Week 9: Probability

POL269 Political Research

Javier Sajuria

2024-03-18

Plan for Today

  • Probability

  • Events, Random Variables, and Probability Distributions

  • Probability Distributions

    • Bernoulli Distribution

    • Normal Distribution

    • The Standard Normal Distribution

  • Population Parameters vs. Sample Statistics

  • Law of Large Numbers and Central Limit Theorem

Probability

  • There are two different ways of interpreting probability
  • According to the frequentist interpretation, the probability of an event is the proportion of its occurrence among infinitely many identical trials
    • Example: probability of heads when flipping a coin
  • According to the Bayesian interpretation, probabilities represent one’s subjective beliefs about the relative likelihood of events
    • Example: probability of rain in the afternoon

Events, Random Variables, and Probability Distributions

  • Most things in our lives can be considered events (sets of outcomes that occur with a particular probability)
    • event: being 6 feet or taller
  • As soon as we assign a number to an event, we create what is known as a random variable (a random variable assigns a numeric value to each mutually exclusive event produced by a trial)
    • random variable tall \[\textrm{tall}_i = \begin{cases} \textrm{1} \text{ if individual i is 6 feet or taller}\\[3pt] \textrm{0} \text{ if individual i is not}\end{cases}\]

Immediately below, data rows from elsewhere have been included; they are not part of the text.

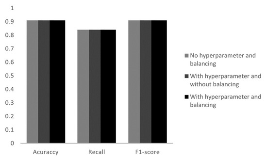 As in the previous models, the library used for training the datasets in the SVM algorithm was scikit-learn and the function applied was svm.SCV. In the tests of this model, three algorithms were performed. It started with a simple model with the data still unbalanced and without hyperparameter adjustment. In this case the accuracy was 80%. Later, the application with hyperparameters and with datasets unbalanced, had an accuracy of 93%. The latter used hyperparameters and balanced data and had an accuracy of 83%. The criteria analyzed for each condition mentioned are shown in Figure 11. Table 6 shows all the parameters of the algorithm with the best accuracy.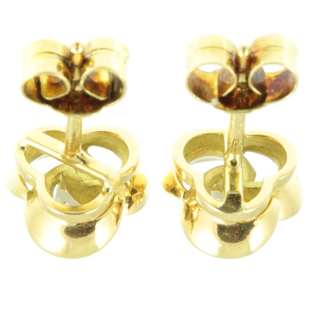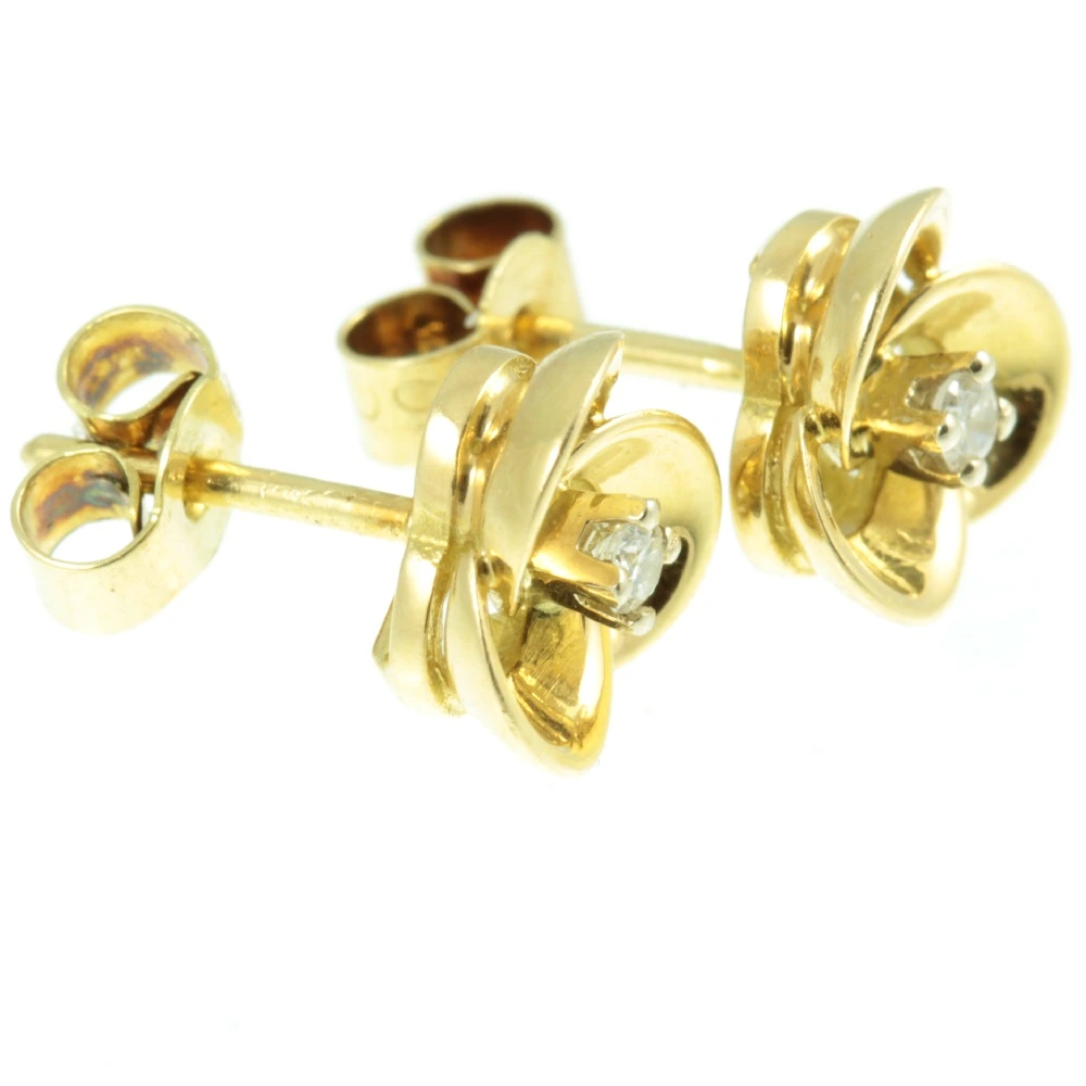 A pair of pretty Mid-Century Diamond Floral Stud Earrings. Two round brilliant cut diamonds with a combined weight of 8 points have been securely set in a rich 18ct yellow gold floral setting. A very tasteful pair of vintage earrings.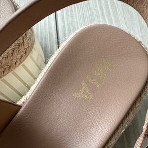 Chic MIA espadrille sandals with wide straps and ankle buckle. Cushioned footbed for comfort. Rope-wrapped platform for a relaxed look. Easy to pair with casual outfits.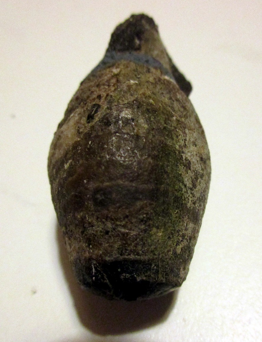 Longueur 5 cm , l'extrémité aplatie n'est pas cassée , c'est apparemment bien l'extrémité du fossile.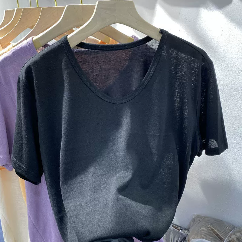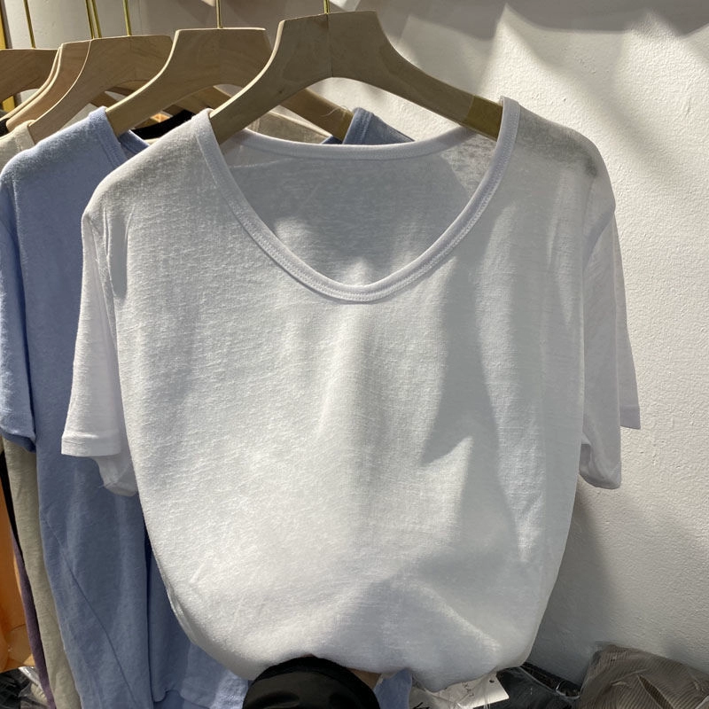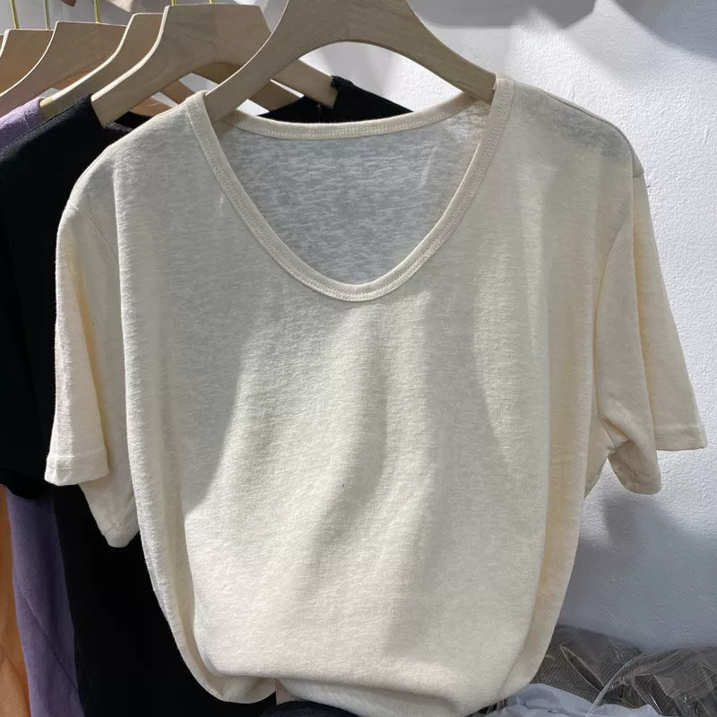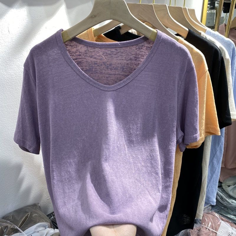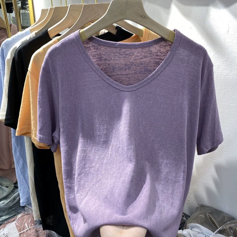 | nameOriginal | Women's bamboo cotton belly-covering slimming linen short-sleeved T-shirt |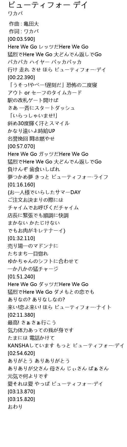 | [02:48.750] | KANSHAしています もっと ビューティフォー·デイ |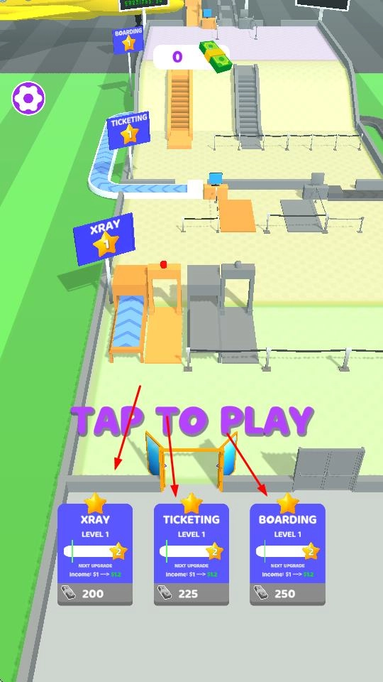 1. 对安检、值机、登机等设施进行升级,提高各设施的收益,积累金币资源,进而扩大机场规模。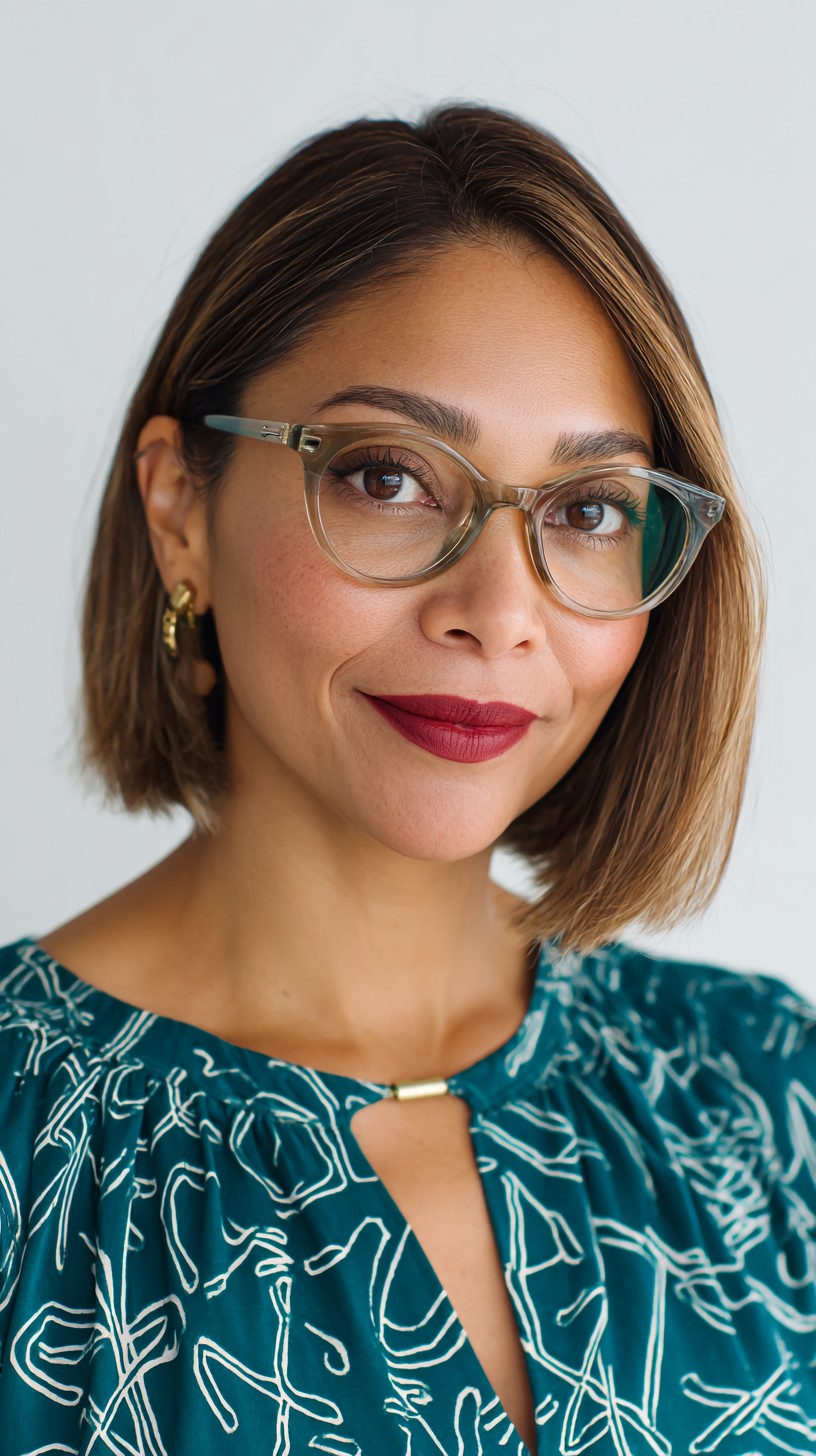 This deep espresso bob is cut to chin-length, featuring a sharp, clean line that creates a sophisticated frame around the face. Ideal for fine to medium hair, this style enhances natural volume, especially with subtle layering at the back. The mild highlights add a gentle contrast, brightening the face without overpowering the style. This cut is fantastic for those looking to maintain a professional yet modern look. However, the precise length requires regular salon visits to keep it looking crisp. Perfect for oval and heart-shaped faces, it gives an instant lift and elegance to your style.

  • Each random variable has a probability distribution, which characterizes the likelihood of each value the variable can take
    • probability distribution of tall:
      • \(P(tall=1)\) = probability of being tall
      • \(P(tall = 0)\) = probability of not being tall
  • ll probabilities in a distribution must add up to 1

Probability Distributions

  • In chapter 1, we distinguished between binary and non-binary (random) variables
    • binary variables are ….
    • non-binary variables are …
  • We will focus on two different types of probability distributions
    • Bernoulli distribution: probability distribution of a binary variable
    • Normal distribution: probability distribution we commonly use as a good approximation for many non-binary variables

Bernoulli Distribution

  • Probability distribution of a binary variable
  • It is characterized by one parameter: \(p\)
    • Recall, all probabilities in a distribution must add up to 1
    • If \(P(X=1) = p\), then \(P(x=0)\) = \(1-p\)
    • If \(P(tall=1)=0.80\), then what is \(P(tall=0) = ?\)
  • The mean of a Bernoulli distribution is \(p\)
  • The variance of a Bernoulli distribution is \(p(1-p)\)

Example: Passing this module

  • Event: passing the class
  • Random Variable: \(pass = {0,1,1,1,1,1,1,1,1,1}\)

\[ \textrm{where: pass}_i = \begin{cases} 1 \text{ if student i passed the class} \\ 0 \text{ if student i didn't pass the class}\end{cases} \]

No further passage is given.